**WORK ORDER**
For the data that follows, print the line with "- New Balance", the line with "在十位前9次出现号码1后,其", and all lines between them, exactly as they stand. Omit pictures and add nothing.

Stored items from a collection:
○ ○ ○ ○ ○ ○ ○
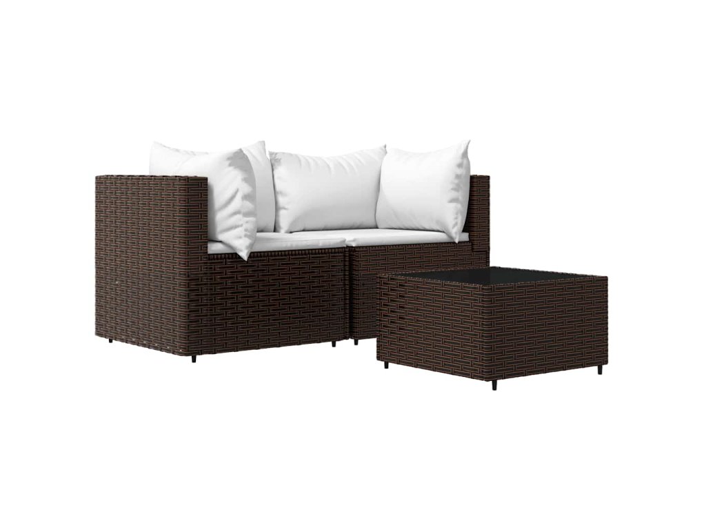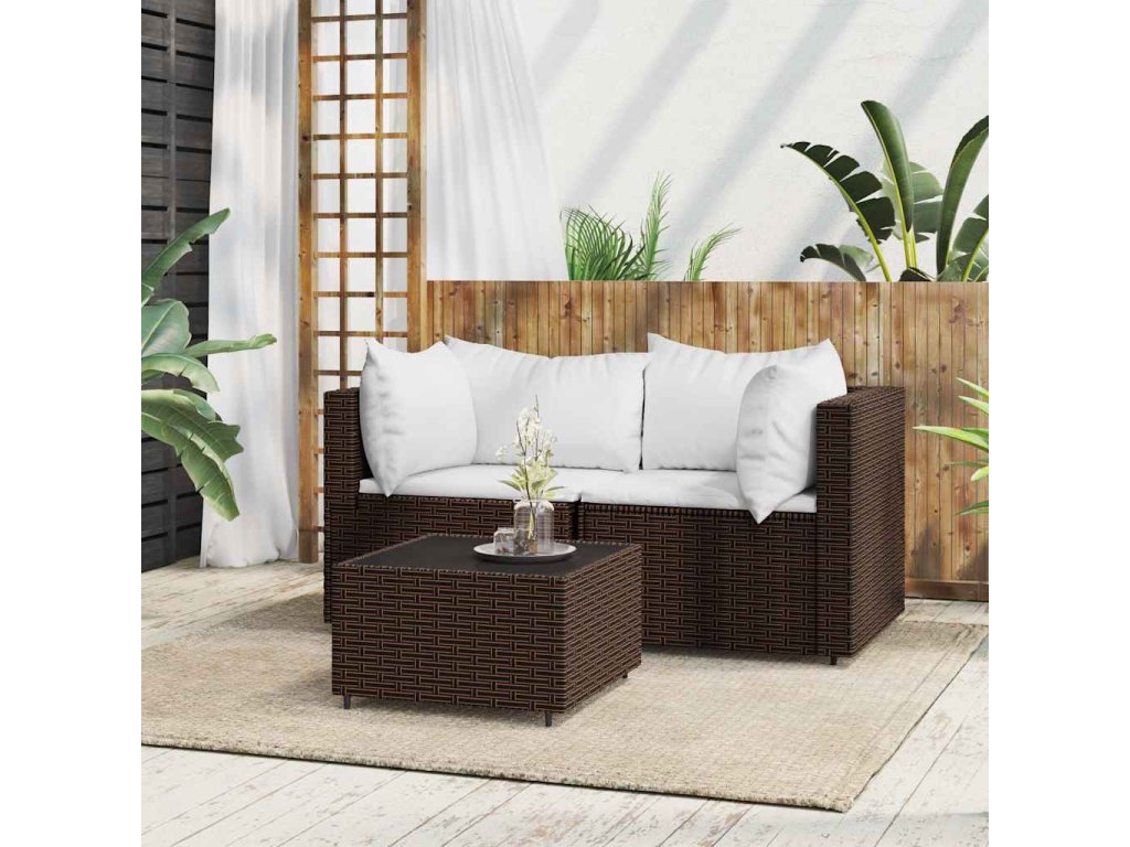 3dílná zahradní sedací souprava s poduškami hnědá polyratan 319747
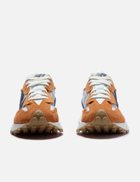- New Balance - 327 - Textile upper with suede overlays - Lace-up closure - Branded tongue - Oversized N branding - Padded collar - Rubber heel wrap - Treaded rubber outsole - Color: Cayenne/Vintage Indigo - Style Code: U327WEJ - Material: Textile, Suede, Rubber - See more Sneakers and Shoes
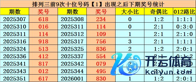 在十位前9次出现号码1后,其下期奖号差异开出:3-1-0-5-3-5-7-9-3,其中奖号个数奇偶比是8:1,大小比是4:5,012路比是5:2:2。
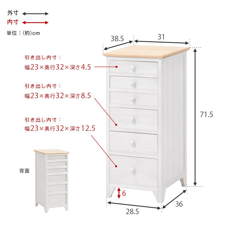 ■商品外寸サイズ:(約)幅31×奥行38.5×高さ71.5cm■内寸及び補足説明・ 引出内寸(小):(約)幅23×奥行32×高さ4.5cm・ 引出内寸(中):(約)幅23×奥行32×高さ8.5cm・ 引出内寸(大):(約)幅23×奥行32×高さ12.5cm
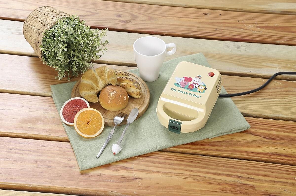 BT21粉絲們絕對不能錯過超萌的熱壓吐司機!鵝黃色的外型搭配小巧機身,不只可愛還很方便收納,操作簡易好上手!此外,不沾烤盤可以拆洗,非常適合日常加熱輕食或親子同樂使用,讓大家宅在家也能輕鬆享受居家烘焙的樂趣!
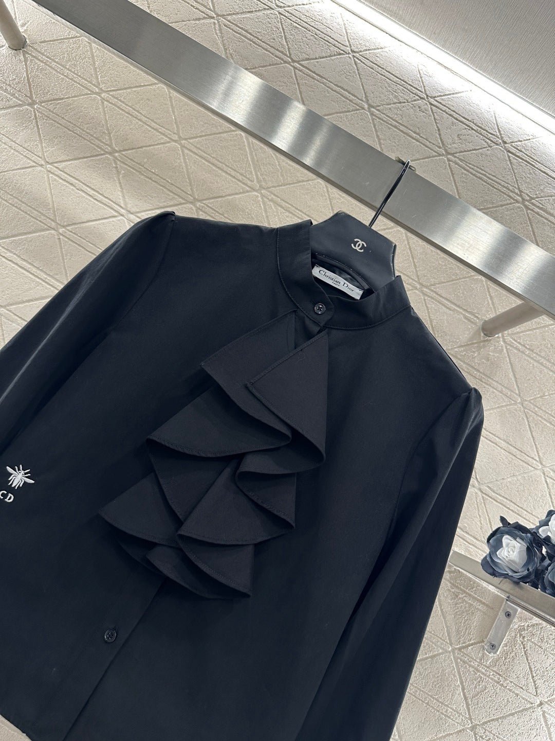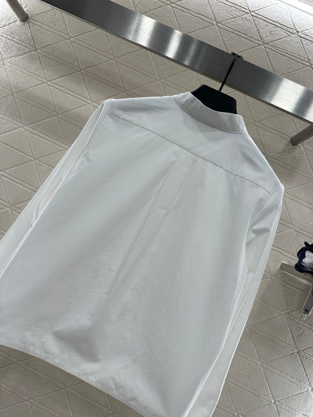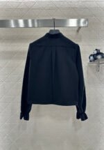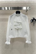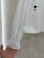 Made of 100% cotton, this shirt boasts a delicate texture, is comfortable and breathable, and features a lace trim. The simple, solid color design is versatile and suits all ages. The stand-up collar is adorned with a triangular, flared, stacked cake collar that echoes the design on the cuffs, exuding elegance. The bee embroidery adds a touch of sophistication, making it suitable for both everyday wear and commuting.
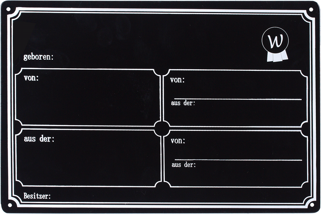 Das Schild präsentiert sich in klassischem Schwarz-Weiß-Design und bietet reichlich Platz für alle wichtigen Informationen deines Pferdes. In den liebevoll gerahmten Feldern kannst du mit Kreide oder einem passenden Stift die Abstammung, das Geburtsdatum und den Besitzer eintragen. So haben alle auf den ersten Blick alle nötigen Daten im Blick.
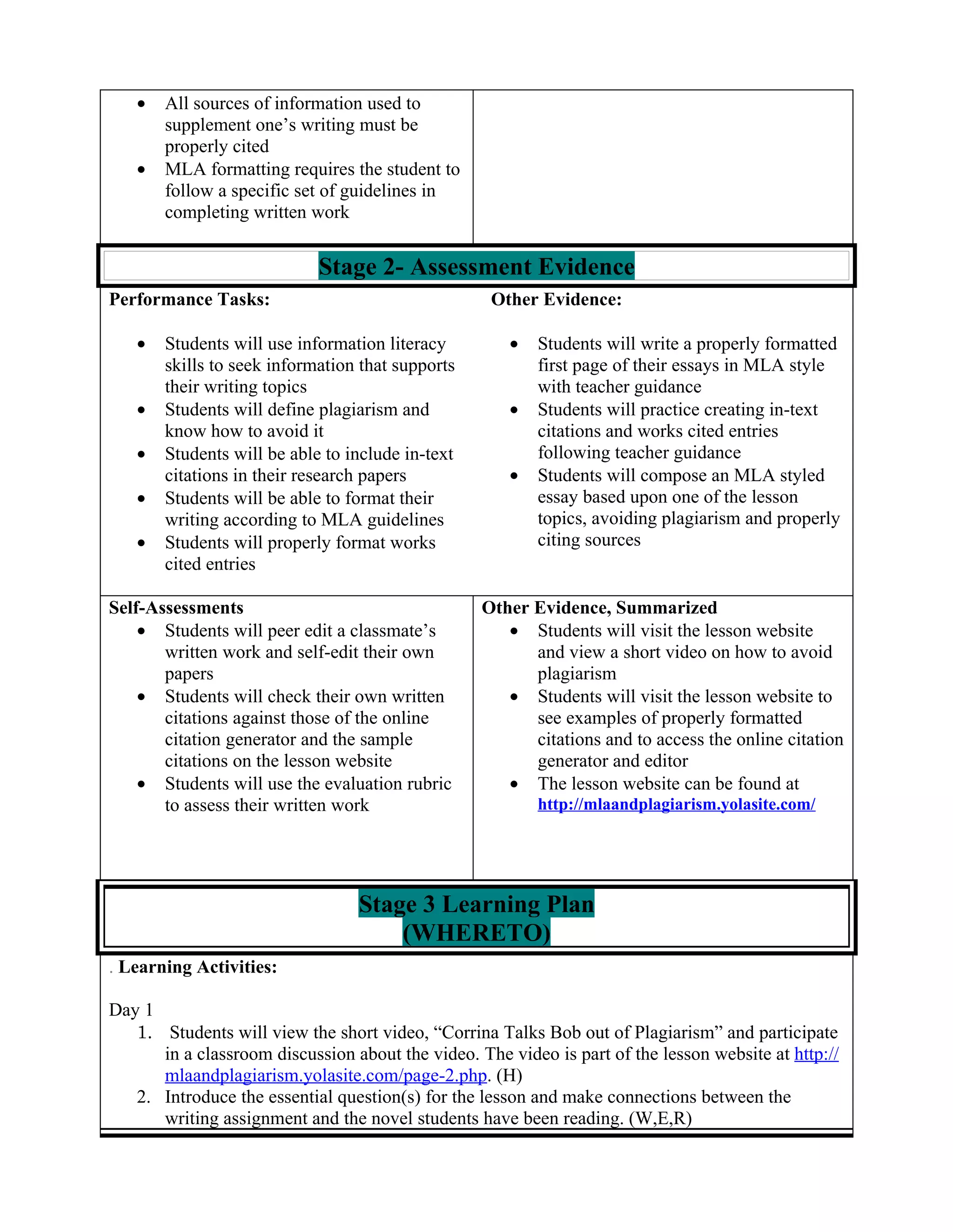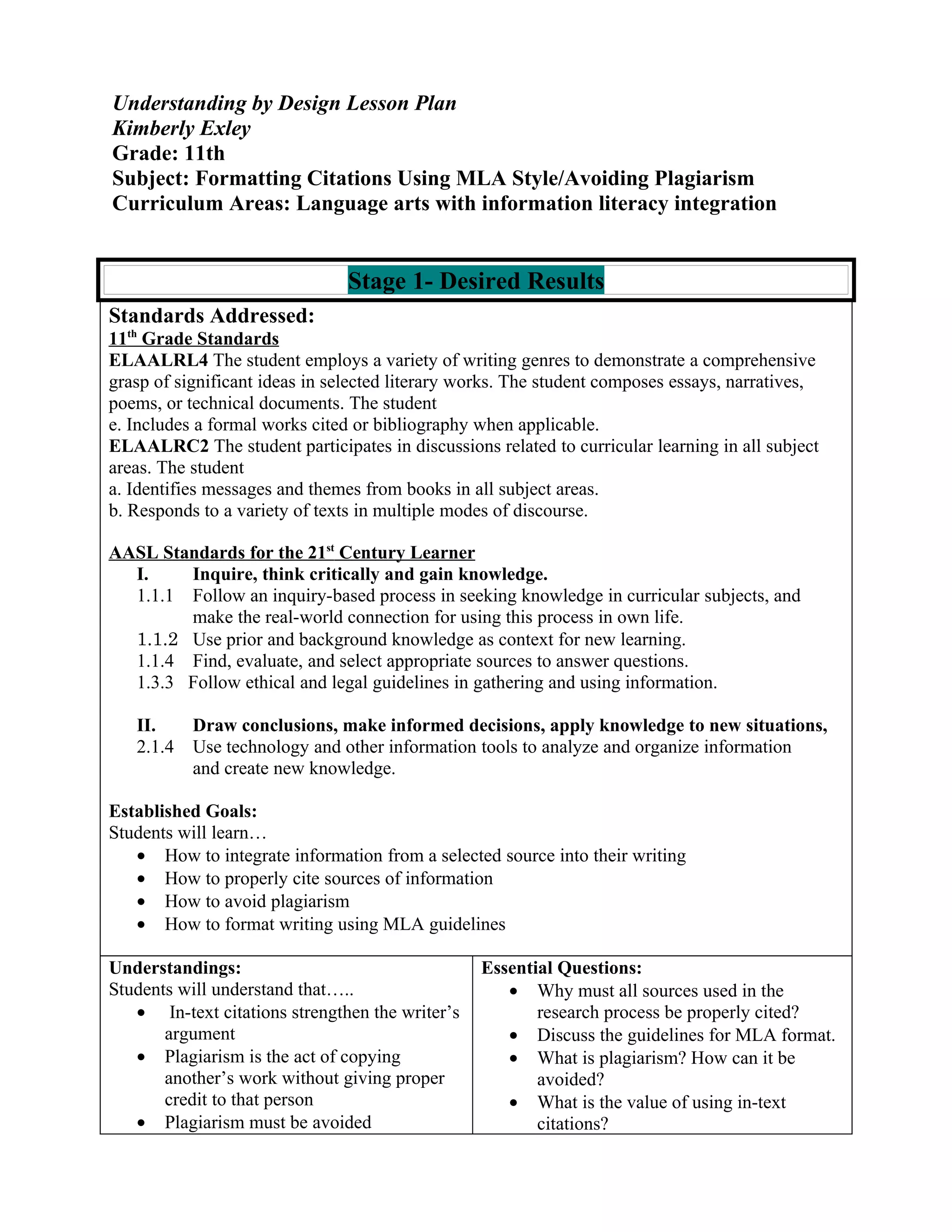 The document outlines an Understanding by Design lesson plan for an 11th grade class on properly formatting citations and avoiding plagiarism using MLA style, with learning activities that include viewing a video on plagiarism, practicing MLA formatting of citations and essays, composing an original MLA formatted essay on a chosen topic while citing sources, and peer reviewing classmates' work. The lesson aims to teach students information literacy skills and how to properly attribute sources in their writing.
○ ○ ○ ○ ○ ○ ○
**RESPONSE TO THIS EXERCISE**
- New Balance - 327 - Textile upper with suede overlays - Lace-up closure - Branded tongue - Oversized N branding - Padded collar - Rubber heel wrap - Treaded rubber outsole - Color: Cayenne/Vintage Indigo - Style Code: U327WEJ - Material: Textile, Suede, Rubber - See more Sneakers and Shoes
 在十位前9次出现号码1后,其下期奖号差异开出:3-1-0-5-3-5-7-9-3,其中奖号个数奇偶比是8:1,大小比是4:5,012路比是5:2:2。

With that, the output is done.